| Submission Deadline | Notification of Acceptance | Submission Email | Download |
|---|---|---|---|
| April 7, 2026 | 7-20 workdays | sympo_bath@confseml.org | Manuscript Template |
The rapid growth of artificial intelligence has led to software systems that must make decisions in environments with many interacting components. These systems range from autonomous services and communication platforms to large scale digital infrastructures. In such settings, individual components often act with partial information and varying objectives. Understanding how these components learn, adapt and coordinate is an important challenge in both software engineering and machine learning. Research in areas such as reinforcement learning, game theory and collective intelligence has begun to provide tools that allow developers to study these interactions in a principled way. This symposium brings together researchers who are interested in the foundations and practice of learning in multi agent software environments.
The central goal is to explore how software systems can learn to act effectively when their decisions depend on the behaviour of other agents. Traditional learning methods often assume a single learner or a stable environment, which does not reflect the interactive nature of many modern applications. Recent advances have introduced methods that allow multiple learners to adjust to one another, yet many open questions remain. These include how to manage conflicting objectives, how to ensure reliable learning in dynamic settings and how to design system level incentives that promote stable collective behaviour. By focusing on these challenges, the symposium aims to identify promising research ideas and practical solutions that can guide the development of future intelligent software systems.
The symposium welcomes contributions that study learning and decision processes in systems with multiple interacting agents. Themes include coordination and competition in software environments, learning dynamics in strategic settings, interest alignment and conflict resolution in distributed systems, reinforcement learning with interacting learners, and methods that support transparency and reliability in collective decision making. We also encourage work that connects theoretical progress with software applications in areas such as autonomous services, communication platforms, digital markets and distributed control. Submissions may be conceptual, methodological or application focused. Participants will have the opportunity to discuss new ideas, present ongoing work and engage with others who are developing techniques for complex interactive systems.

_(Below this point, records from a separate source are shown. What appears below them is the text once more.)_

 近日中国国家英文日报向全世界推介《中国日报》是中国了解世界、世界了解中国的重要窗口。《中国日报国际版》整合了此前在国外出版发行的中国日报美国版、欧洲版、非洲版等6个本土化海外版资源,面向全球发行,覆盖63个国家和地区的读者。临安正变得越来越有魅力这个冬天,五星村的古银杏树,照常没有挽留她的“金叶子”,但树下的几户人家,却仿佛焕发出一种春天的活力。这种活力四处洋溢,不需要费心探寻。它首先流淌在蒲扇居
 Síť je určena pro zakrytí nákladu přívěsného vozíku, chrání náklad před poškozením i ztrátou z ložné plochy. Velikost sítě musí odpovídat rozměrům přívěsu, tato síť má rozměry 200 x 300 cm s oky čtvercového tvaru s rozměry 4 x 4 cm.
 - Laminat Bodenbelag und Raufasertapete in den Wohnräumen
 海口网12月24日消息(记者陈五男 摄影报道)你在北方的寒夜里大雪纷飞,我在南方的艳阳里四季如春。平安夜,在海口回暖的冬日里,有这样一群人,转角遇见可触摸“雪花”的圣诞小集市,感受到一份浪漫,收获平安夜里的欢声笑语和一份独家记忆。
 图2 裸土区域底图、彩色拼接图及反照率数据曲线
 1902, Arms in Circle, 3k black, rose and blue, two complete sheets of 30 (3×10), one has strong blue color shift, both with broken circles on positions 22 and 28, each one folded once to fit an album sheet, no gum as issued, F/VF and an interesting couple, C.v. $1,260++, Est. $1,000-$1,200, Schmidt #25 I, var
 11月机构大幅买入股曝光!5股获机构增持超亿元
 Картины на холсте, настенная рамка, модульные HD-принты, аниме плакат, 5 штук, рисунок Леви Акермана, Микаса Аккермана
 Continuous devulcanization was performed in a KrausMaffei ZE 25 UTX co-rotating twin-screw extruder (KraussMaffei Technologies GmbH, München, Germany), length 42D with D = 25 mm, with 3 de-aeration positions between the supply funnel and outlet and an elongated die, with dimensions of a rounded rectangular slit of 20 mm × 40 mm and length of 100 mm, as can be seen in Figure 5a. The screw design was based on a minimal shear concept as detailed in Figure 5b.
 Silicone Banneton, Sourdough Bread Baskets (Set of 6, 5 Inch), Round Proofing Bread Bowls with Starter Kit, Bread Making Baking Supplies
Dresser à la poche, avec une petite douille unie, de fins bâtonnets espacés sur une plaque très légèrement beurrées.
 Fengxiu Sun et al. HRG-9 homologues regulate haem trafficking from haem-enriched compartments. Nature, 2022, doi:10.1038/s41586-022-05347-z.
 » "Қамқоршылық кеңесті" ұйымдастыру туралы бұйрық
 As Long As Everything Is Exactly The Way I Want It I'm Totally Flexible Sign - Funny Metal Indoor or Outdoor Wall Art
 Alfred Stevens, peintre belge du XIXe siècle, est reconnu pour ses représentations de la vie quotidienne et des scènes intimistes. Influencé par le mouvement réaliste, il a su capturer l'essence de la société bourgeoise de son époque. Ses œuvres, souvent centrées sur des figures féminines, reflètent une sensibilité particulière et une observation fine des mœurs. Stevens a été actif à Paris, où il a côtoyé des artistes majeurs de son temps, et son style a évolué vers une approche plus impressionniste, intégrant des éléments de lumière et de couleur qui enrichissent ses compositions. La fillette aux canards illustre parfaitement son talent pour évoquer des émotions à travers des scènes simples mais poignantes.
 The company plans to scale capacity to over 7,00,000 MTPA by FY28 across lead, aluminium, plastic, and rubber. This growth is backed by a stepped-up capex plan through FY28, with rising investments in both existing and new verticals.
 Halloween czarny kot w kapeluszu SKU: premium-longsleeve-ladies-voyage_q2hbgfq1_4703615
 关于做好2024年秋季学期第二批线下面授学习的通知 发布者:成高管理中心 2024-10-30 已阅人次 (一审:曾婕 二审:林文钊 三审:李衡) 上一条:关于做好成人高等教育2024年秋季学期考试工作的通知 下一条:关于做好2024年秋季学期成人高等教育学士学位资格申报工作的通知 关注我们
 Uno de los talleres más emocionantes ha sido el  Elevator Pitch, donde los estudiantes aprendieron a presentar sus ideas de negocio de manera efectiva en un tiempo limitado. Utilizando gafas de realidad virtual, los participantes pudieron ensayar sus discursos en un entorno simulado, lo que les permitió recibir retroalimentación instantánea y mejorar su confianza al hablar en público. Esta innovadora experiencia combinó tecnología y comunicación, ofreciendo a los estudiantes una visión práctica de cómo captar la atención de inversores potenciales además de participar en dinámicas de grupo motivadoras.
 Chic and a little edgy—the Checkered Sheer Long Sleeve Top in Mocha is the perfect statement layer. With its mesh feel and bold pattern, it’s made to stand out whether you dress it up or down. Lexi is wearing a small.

Accepted papers of this symposium will be published in Applied and Computational Engineering (Print ISSN: 2755-2721), and will be submitted to Conference Proceedings Citation Index (CPCI), Crossref, Portico, Inspec, Google Scholar, CNKI, and other databases for indexing. The situation may be affected by factors among databases like processing time, workflow, policy, etc.
This symposium is organized by CONF-SEML 2026 and will independently proceed the submission and publication process.
Please note that the publication policy may vary between different publishers. For details regarding the publication process, kindly refer to the policies of the respective publisher.